Simply put, torch.Tensor.view()which is inspired by numpy.ndarray.reshape()or numpy.reshape(), creates a new viewof the tensor, as long as the new shape is compatible with the shape of the original tensor.

简单地说,torch.Tensor.view()numpy.ndarray.reshape()or 的启发numpy.reshape(),创建了张量的新视图,只要新形状与原始张量的形状兼容即可。

Let's understand this in detail using a concrete example.

让我们通过一个具体的例子来详细了解这一点。

In [43]: t = torch.arange(18) 

In [44]: t 
Out[44]: 
tensor([ 0,  1,  2,  3,  4,  5,  6,  7,  8,  9, 10, 11, 12, 13, 14, 15, 16, 17])

With this tensor tof shape (18,), new viewscan onlybe created for the following shapes:

有了这个张量t的形状(18,),新观点可以为以下形状创建:

(1, 18)or equivalently (1, -1)or (-1, 18)
(2, 9)or equivalently (2, -1)or (-1, 9)
(3, 6)or equivalently (3, -1)or (-1, 6)
(6, 3)or equivalently (6, -1)or (-1, 3)
(9, 2)or equivalently (9, -1)or (-1, 2)
(18, 1)or equivalently (18, -1)or (-1, 1)

(1, 18)或等效 (1, -1)或 或等效 或 或等效 或 或等效 或 或等效 或或等效 或(-1, 18)
(2, 9)(2, -1)(-1, 9)
(3, 6)(3, -1)(-1, 6)
(6, 3)(6, -1)(-1, 3)
(9, 2)(9, -1)(-1, 2)
(18, 1)(18, -1)(-1, 1)

As we can already observe from the above shape tuples, the multiplication of the elements of the shape tuple (e.g. 2*9, 3*6etc.) must alwaysbe equal to the total number of elements in the original tensor (18in our example).

正如我们已经从上面的形状元组观察到的那样,形状元组的元素(例如2*93*6等)的乘法必须始终等于原始张量中元素的总数(18在我们的示例中)。

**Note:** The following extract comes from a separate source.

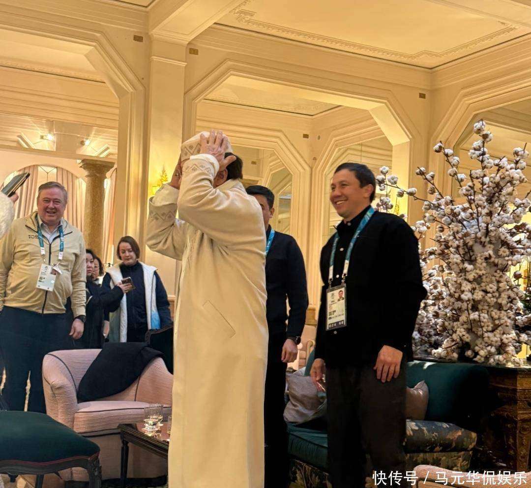 离开场馆后,拳击手戈洛夫金将『成龙』拉到一旁合影留念,戈洛夫金直接拿出了当地特色的服装,帮『成龙』换上了那件外套🧥和帽子。身旁的工作人员笑得前俯后仰,『成龙』也毫不拘束,随手整理了一下衣领,举手投足间,仿佛他是在朋友婚礼上担任伴郎一样自然。这些细节透露出他对被喜爱这件事早已习惯,但他从不觉得这是理所当然。

Another thing to observe is that we used a -1in one of the places in each of the shape tuples. By using a -1, we are being lazy in doing the computation ourselves and rather delegate the task to PyTorch to do calculation of that value for the shape when it creates the new view. One important thing to note is that we can onlyuse a single -1in the shape tuple. The remaining values should be explicitly supplied by us. Else PyTorch will complain by throwing a RuntimeError:

另一件要观察的事情是我们-1在每个形状元组的一个地方使用了 a 。通过使用 a -1,我们懒得自己进行计算,而是将任务委托给 PyTorch 在它创建新视图时计算形状的值。需要注意的一件重要事情是我们只能-1在形状元组中使用单个。其余值应由我们明确提供。否则 PyTorch 会抛出一个RuntimeError:

RuntimeError: only one dimension can be inferred

运行时错误:只能推断一维

So, with all of the above mentioned shapes, PyTorch will always return a new viewof the original tensor t. This basically means that it just changes the stride information of the tensor for each of the new views that are requested.

因此,对于上述所有形状,PyTorch 将始终返回原始 tensor的新视图t。这基本上意味着它只是为请求的每个新视图更改张量的步幅信息。

Below are some examples illustrating how the strides of the tensors are changed with each new view.

下面是一些示例,说明每个新视图如何更改张量的步幅。

# stride of our original tensor `t`
In [53]: t.stride() 
Out[53]: (1,)

Now, we will see the strides for the new views:

现在,我们将看到新视图的进展:

# shape (1, 18)
In [54]: t1 = t.view(1, -1)
# stride tensor `t1` with shape (1, 18)
In [55]: t1.stride() 
Out[55]: (18, 1)

# shape (2, 9)
In [56]: t2 = t.view(2, -1)
# stride of tensor `t2` with shape (2, 9)
In [57]: t2.stride()       
Out[57]: (9, 1)

# shape (3, 6)
In [59]: t3 = t.view(3, -1) 
# stride of tensor `t3` with shape (3, 6)
In [60]: t3.stride() 
Out[60]: (6, 1)

# shape (6, 3)
In [62]: t4 = t.view(6,-1)
# stride of tensor `t4` with shape (6, 3)
In [63]: t4.stride() 
Out[63]: (3, 1)

# shape (9, 2)
In [65]: t5 = t.view(9, -1) 
# stride of tensor `t5` with shape (9, 2)
In [66]: t5.stride()
Out[66]: (2, 1)

# shape (18, 1)
In [68]: t6 = t.view(18, -1)
# stride of tensor `t6` with shape (18, 1)
In [69]: t6.stride()
Out[69]: (1, 1)

So that's the magic of the view()function. It just changes the strides of the (original) tensor for each of the new views, as long as the shape of the new viewis compatible with the original shape.

这就是view()函数的神奇之处。它只是改变每个新视图的(原始)张量的步幅,只要新视图的形状与原始形状兼容。

Another interesting thing one might observe from the strides tuples is that the value of the element in the 0thposition is equal to the value of the element in the 1stposition of the shape tuple.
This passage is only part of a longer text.